Рассеянный склероз — аутоиммунное демиелинизирующее заболевание, наблюдается с частотой 1: 2000 беременных. В послеродовом периоде имеется ухудшение течения заболевания. Риск рассеянного склероза у новорожденных составляет 3% по сравнению с 0,1-0,5% в общей популяции.
Идиопатическая тромбоцитопеническая пурпура (ИТП) или аутоиммунная тромбоцитопения — аутоиммунное заболевание, характеризующееся присутствием ИДС-антител к тромбоцитарных антигенов. Эти иммунные комплексы затем секвестрируются и разрушают органы ретикулоэндотелиальной системы, особенно селезенку. Течение беременности это заболевание увеличивает риск послеродовых кровотечений у матери и, в результате прохождения ИДС-антител через плаценту, тромбоцитопении у плода.

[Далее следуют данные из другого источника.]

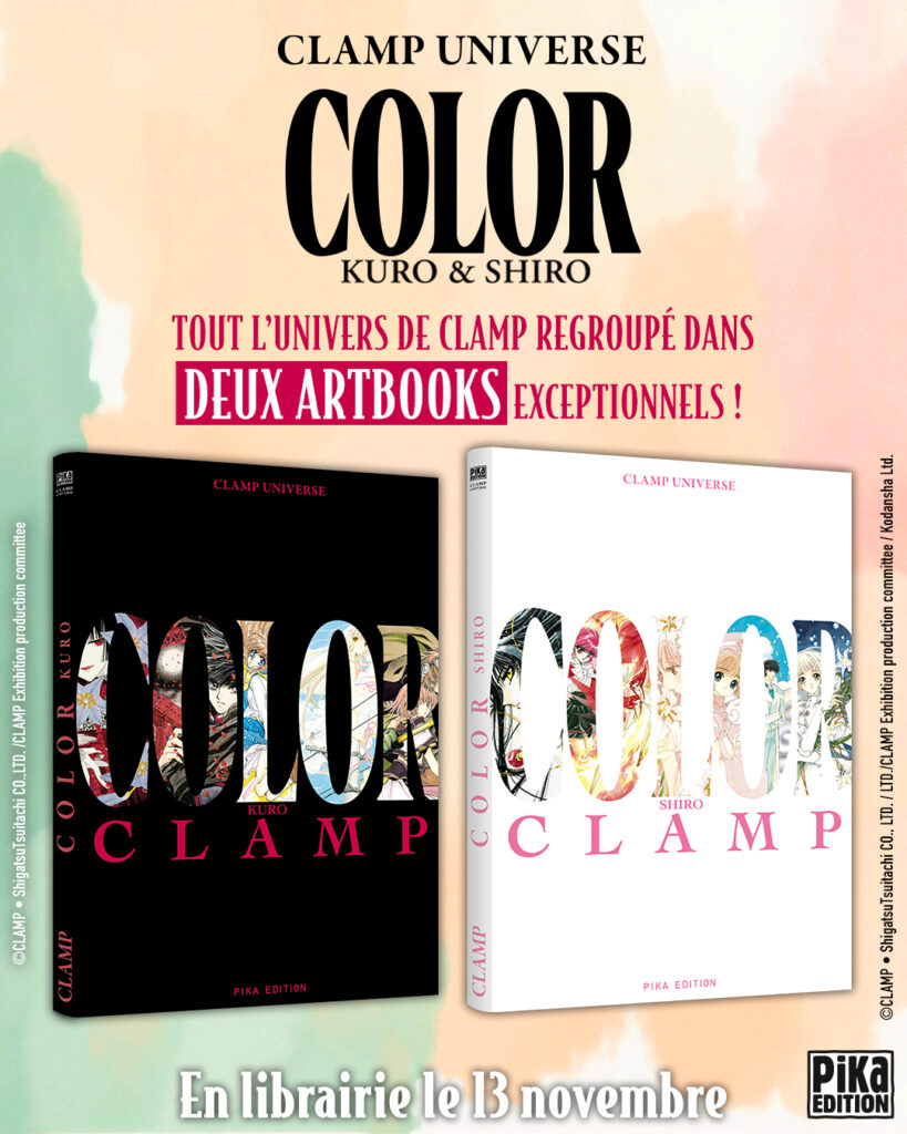 L’éditeur Pika a annoncé les sorties de deux superbes artbooks du collectif CLAMP avec Color CLAMP Shiro et le Color CLAMP Kuro. Leur sortie est prévue au 13 novembre prochain.

Диагноз ИТР определяется методом исключения и дифференцируется с лабораторной ошибкой, системной красной волчанкой, антифосфолипидным синдромом, ВИЧ-инфекцией, ятрогенной (медикаментозно индуцированной) тромбоцитопенией, тромбоцитопенической пурпурой и диссеминированной внутрисосудистой коагуляцией, преэклампсией и гестационной тромбоцитопенией (доброкачественное состояние, характеризующееся уменьшением количества тромбоцитов <80000 в 1 мл крови и не оказывает неблагоприятных эффектов на мать и плод). Большинство женщин с ИТР в анамнезе кровоточивость и меноррагии. Для подтверждения диагноза может потребоваться биопсия костного мозга.
Целью ведения беременности у пациенток с ИТП является минимизация риска кровотечения. Если количество тромбоцитов у матери> 50 000 в 1 мл крови, лечения не проводят. При уменьшении количества тромбоцитов <50 000 в 1 мл крови во II триместре начинают лечение преднизолоном. При рефрактерности к преднизолону используют внутривенное введение нормального иммуноглобулина человека. При развитии кровотечения выполняют инфузию тромбоцитов. Введенные тромбоциты быстро разрушаются вследствие присутствия антитромбоцитарных антител.
Спленэктомия приводит к ремиссии заболевания в 80% случаев и может быть выполнена при беременности в случае неэффективности кортикостероидов и иммуноглобулина.
Риск для плода при ИТП матери состоит в возможности внутричерепных кровоизлияний (в 1% случаев). Материнские ИДС-антитромбоцитарные антитела проходят через плацентарный барьер и могут вызывать тромбоцитопению у плода. Влагалищные роды позволяют проводить при количестве тромбоцитов у плода> 50 000 в 1 мл крови. Количество плодовых тромбоцитов исследуют в крови, взятой из кожи головки плода или сосудов пупочного канатика при кордоцентезе.